We are pleased to announce the release of

DKPro Core, version 1.8.0

a collection of interoperable software components for natural language processing (NLP) based on the Apache UIMA framework.

Changed minimal system requirements

  • Requires Java 8 (Issue #369)
  • Upgrade Apache UIMA to version 2.8.1 (Issue #662)
  • Upgrade uimaFIT to version 2.2.0 (Issue #664)
  • Upgrade Spring Framework to version 3.2.16 (Issue #815)

Major improvements

  • Extensive automatically generated reference documentation (e.g. Issues #753, #635, #589)
  • New framework for text normalization and transformation (e.g. Issue #537)
  • New validation framework, mainly for improved bug detection in unit tests (Issue #728)
  • Writer components write to console if no target is specified (Issue #700)
  • Renamed some components for a more uniform naming scheme (e.g.

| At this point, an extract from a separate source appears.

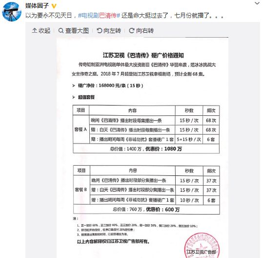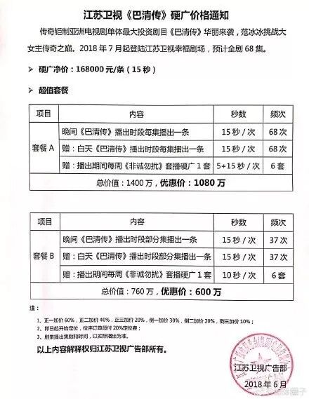 随后,微博@媒体圈子曝出江苏卫视《巴清传》的硬广定价。其中单条广告16.8万/15秒,单个广告商投放套餐价格在600万至1080万之间。

Issue #717)
  • Writers per default refuse to overwrite files (Issue #669, #564)
  • Dependency parsers and readers consistently create a self-looped ROOT node (Issue #628)

Analysis components

  • Added JTok component, Java-based configurable tokenizer and sentence splitter (Issue #695)
  • Added RFTagger component, a tool for the annotation of text with fine-grained part-of-speech tags. (Issue #684)
  • Added RegexTokenizer and WhitespaceTokenizer components - simple whitespace tokenizers (Issue #552)
  • Added MateTools SRL component (Issue #483)

Data formats

  • Added Brat format (Issue #656)
  • Added Mallet LDA (Issue #602)
  • Added Reuters-21578 Text Classification (Issue #691)
  • Added RTF (Issue #588)
  • Added Solr (Issue #576)
  • Added UIMA Json (Issue #455)
  • Added Writer for one sentence per line (Issue #673)
  • Improved TEI to support (Issue #594, #596)

Types

  • Added MorphologicalFeatures type to support morphological analysis (e.g. Issue #244)
  • Added Div type for generic document structure (e.g. Issue #598)
  • Added id feature on Token and Sentence (e.g. Issue #609)
  • Added MetadataStringField type (Issue #672)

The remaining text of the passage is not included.